### What this task involves
Only the lines below from the one containing "Prefectural Central Library" through the last line should be set down, exactly as written and with no pictures.

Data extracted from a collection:

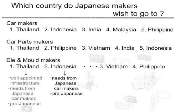
Fig. 1. Countries chosen by Japan, in order of preference, for investment in the automotive industry and related industries [2]

by Indonesia and Vietnam. It can be seen that Japan tends to choose Thailand first when considering investment in the industries mentioned above [2], as shown in Fig. 1.
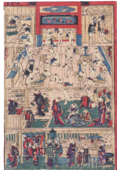
Utagawa Yoshifuji "Ladies' bath of the cat" Collection of Shizuoka Prefectural Central Library
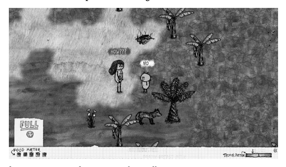
b. One Hour One Life. An untimely goodbye

The first experience in One Hour One Life is a series of short, colourful, fragmentary lives. The beginning is hard; the player has to survive in the unknown world and experience its miracles and dangers. Playing the game, I was born many times, and many times I died in infancy. Once of yellow fever. Many times because of starvation, abandonment, or the animals of prey. In one of the lives, my family dressed me in a wolf skin and called me wolfboi. In another, I was supposed to collect roots and berries, but I died of a rattlesnake bite. Finally, I reached adulthood and had children. I named them. I taught them. I saw their deaths. I experienced all that with strangers whom I will never talk to again. But I can still live another life. With time, I became less and less attached to the characters in the game and the events mattered less to me as they started to be repetitive. The game can be mastered with repetitions. No passage, no situation, no character will come back exactly the same, and it is hard even to find the same places in one of the next games; but the game remains open and after multiple sessions players are able to learn its rules - and be more powerful in the game world.
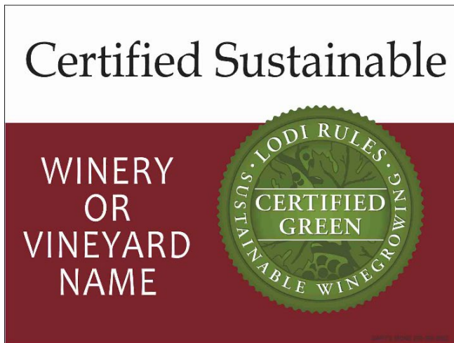
24" x 32" sign templates

Two sign options are available: a horizontal orientation (24" x 32") and a vertical orientation (32" x 24"). The horizontal option is designed to be read from a passing car, so it is well-suited for road-side vineyards. Signs are customizable with your vineyard, winery, ranch, and/or vineyard management name, and are available with our LODI RULES, CALIFORNIA RULES , or CERTIFIED GREEN seal.
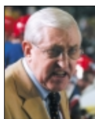
Boris is back
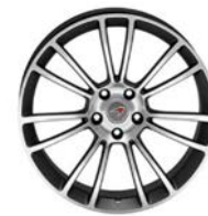
Diamond Cut Finish
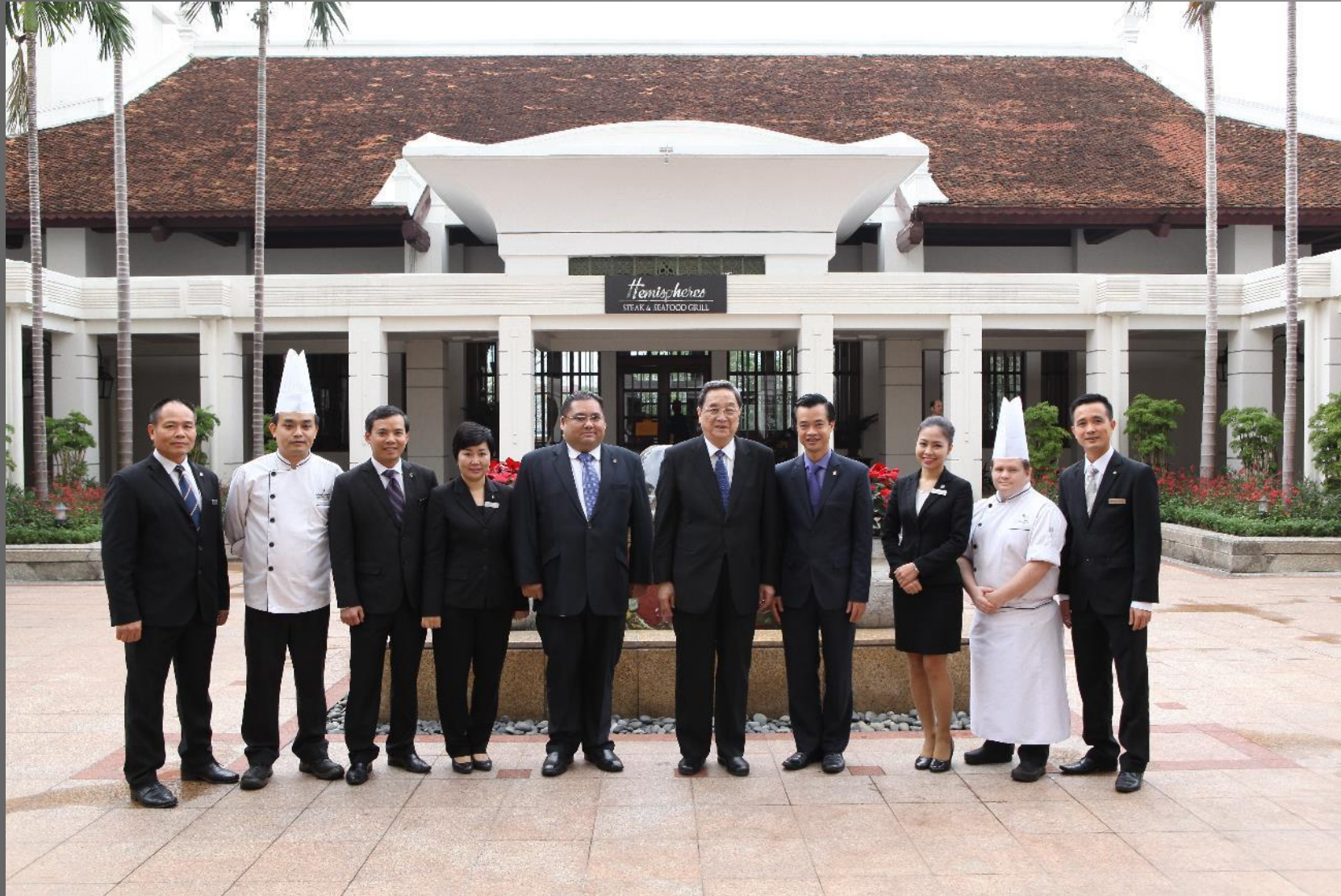
Communist Party of China Delegations in December 2015

### Worked solution
Utagawa Yoshifuji "Ladies' bath of the cat" Collection of Shizuoka Prefectural Central Library
b. One Hour One Life. An untimely goodbye

The first experience in One Hour One Life is a series of short, colourful, fragmentary lives. The beginning is hard; the player has to survive in the unknown world and experience its miracles and dangers. Playing the game, I was born many times, and many times I died in infancy. Once of yellow fever. Many times because of starvation, abandonment, or the animals of prey. In one of the lives, my family dressed me in a wolf skin and called me wolfboi. In another, I was supposed to collect roots and berries, but I died of a rattlesnake bite. Finally, I reached adulthood and had children. I named them. I taught them. I saw their deaths. I experienced all that with strangers whom I will never talk to again. But I can still live another life. With time, I became less and less attached to the characters in the game and the events mattered less to me as they started to be repetitive. The game can be mastered with repetitions. No passage, no situation, no character will come back exactly the same, and it is hard even to find the same places in one of the next games; but the game remains open and after multiple sessions players are able to learn its rules - and be more powerful in the game world.
24" x 32" sign templates

Two sign options are available: a horizontal orientation (24" x 32") and a vertical orientation (32" x 24"). The horizontal option is designed to be read from a passing car, so it is well-suited for road-side vineyards. Signs are customizable with your vineyard, winery, ranch, and/or vineyard management name, and are available with our LODI RULES, CALIFORNIA RULES , or CERTIFIED GREEN seal.
Boris is back
Diamond Cut Finish
Communist Party of China Delegations in December 2015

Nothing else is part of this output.